▶ _TASK BRIEF_
Could you restate every entry word for word, leaving the pictures out?

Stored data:

..........

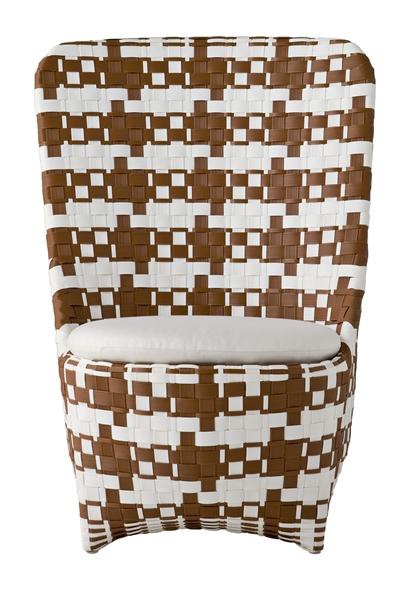 Cape West armchair armchair from Italian manufacturer Driade. Model with a high curved backrest. The frame is made of metal. Upholstery is a decorative weaving of plastic ribbons. Offers a wide range of color options. A chair made in a contemporary style.
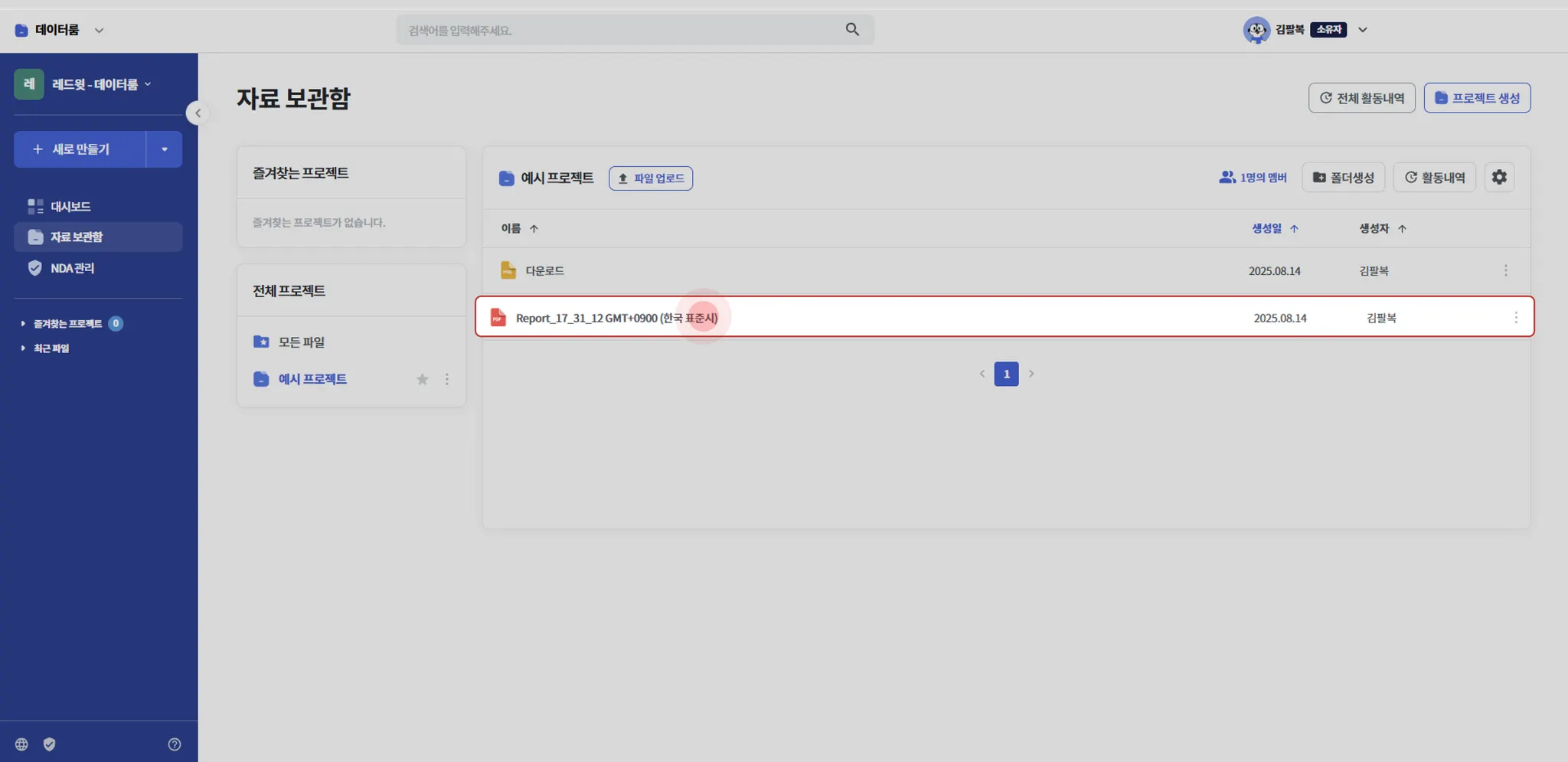 공유 링크를 생성할 파일을 클릭하여, [ 파일 상세 ] 페이지로 진입 할 수 있습니다.
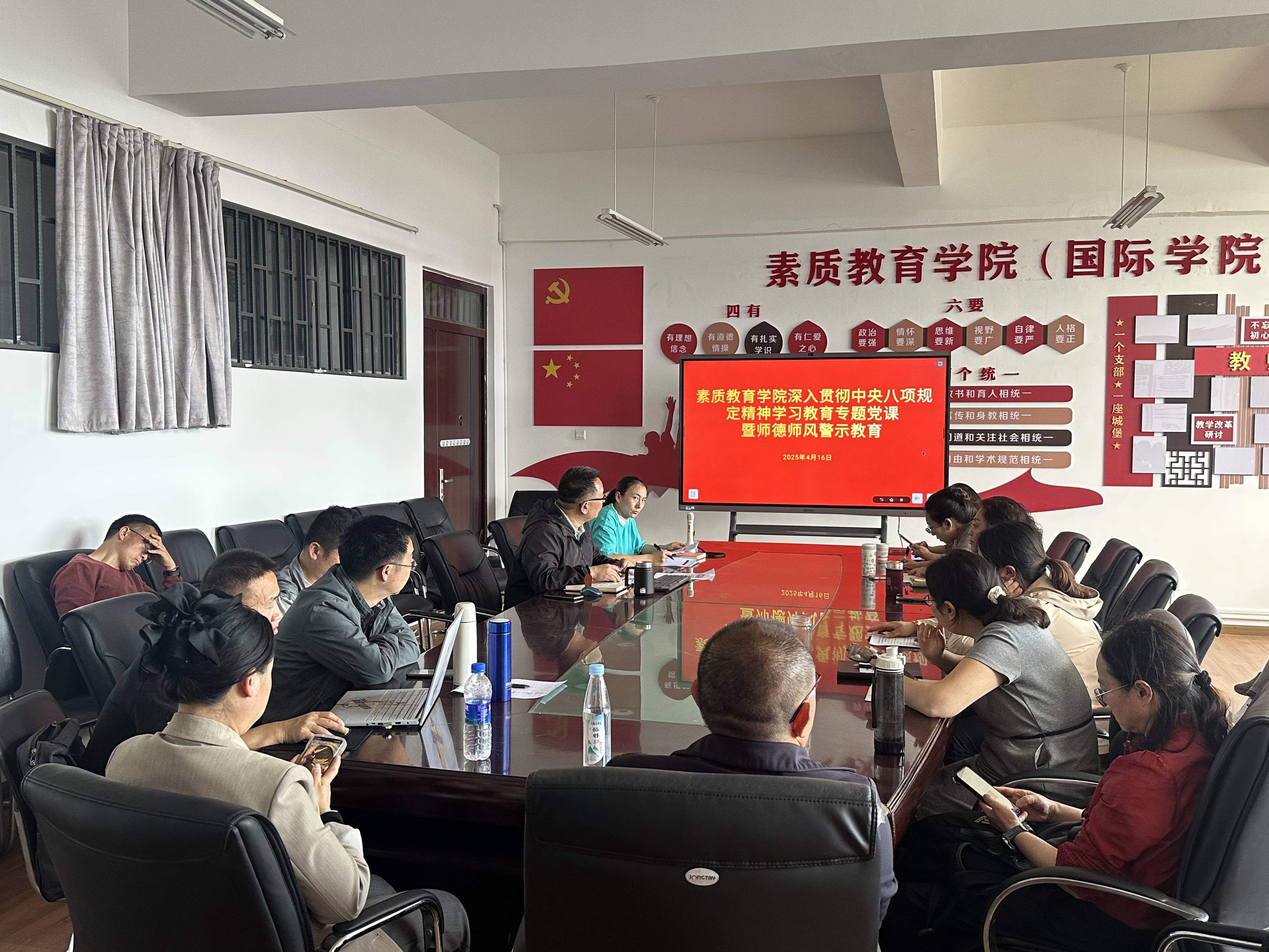 bevictor伟德体育召开深入贯彻中央八项规定精神学习教育专题党课暨师德师风警示教育会
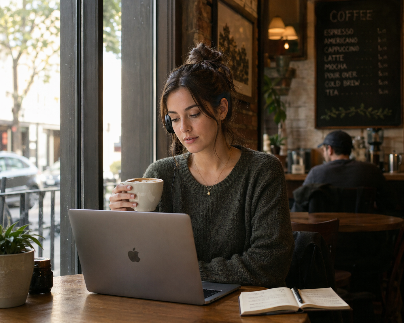 Mid-afternoon, independent coffee shop, ambient music, relaxed vibe. She's sitting alone at a small table near the window, MacBook open, sipping a latte. She's wearing headphones but one ear is uncovered.
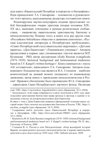 В 2024 году в издательском доме «Инкери» вышла книга «Евангельский Петербург в портретах и биографиях». Идея принадлежит Т. А. Снисаренко – основателю и руководителю этого проекта, выпускающему редактору-составителю книги.

..........

▶ _EXERCISE ANSWER_
 Cape West armchair armchair from Italian manufacturer Driade. Model with a high curved backrest. The frame is made of metal. Upholstery is a decorative weaving of plastic ribbons. Offers a wide range of color options. A chair made in a contemporary style.
 공유 링크를 생성할 파일을 클릭하여, [ 파일 상세 ] 페이지로 진입 할 수 있습니다.
 bevictor伟德体育召开深入贯彻中央八项规定精神学习教育专题党课暨师德师风警示教育会
 Mid-afternoon, independent coffee shop, ambient music, relaxed vibe. She's sitting alone at a small table near the window, MacBook open, sipping a latte. She's wearing headphones but one ear is uncovered.
 В 2024 году в издательском доме «Инкери» вышла книга «Евангельский Петербург в портретах и биографиях». Идея принадлежит Т. А. Снисаренко – основателю и руководителю этого проекта, выпускающему редактору-составителю книги.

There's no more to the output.